Without the pictures, retype each line below exactly as it stands.

* DATASET SECTION:
===

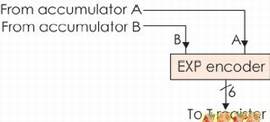 图8 指数编码器 指数编码器:用于支持单周期指令EXP的专用硬件,如图8所示。 累加器中数值的指数值,以二进制补码形式(-8~31)存放于暂存器T中;
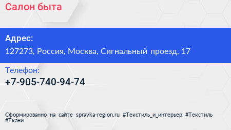 Салон быта по адресу 127273, Россия, Москва, Сигнальный проезд, 17 в дальнейшем Организация, размещена в следующих категориях:
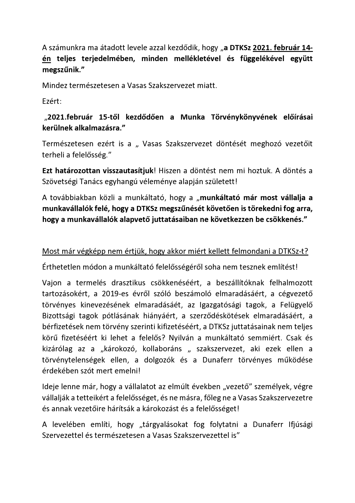 DUNAFERR DV. Vasas Szakszervezeti Szövetség
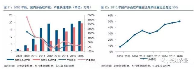 然而,相比于硅片-电池-组件产业链,国内多晶硅产业发展相对滞后,2008年以前国内多晶硅产量占全球产量不足10%,导致国内光伏产业长期受制海外硅料企业。此后,国内企业开始加速布局多晶硅产能,带动国内多晶硅产量及占比持续提升,2016年国内多晶硅产量19.3万吨,占世界总产量的50.26%。

===

* ANSWER TO THE EXERCISE:
 图8 指数编码器 指数编码器:用于支持单周期指令EXP的专用硬件,如图8所示。 累加器中数值的指数值,以二进制补码形式(-8~31)存放于暂存器T中;
 Салон быта по адресу 127273, Россия, Москва, Сигнальный проезд, 17 в дальнейшем Организация, размещена в следующих категориях:
 DUNAFERR DV. Vasas Szakszervezeti Szövetség
 然而,相比于硅片-电池-组件产业链,国内多晶硅产业发展相对滞后,2008年以前国内多晶硅产量占全球产量不足10%,导致国内光伏产业长期受制海外硅料企业。此后,国内企业开始加速布局多晶硅产能,带动国内多晶硅产量及占比持续提升,2016年国内多晶硅产量19.3万吨,占世界总产量的50.26%。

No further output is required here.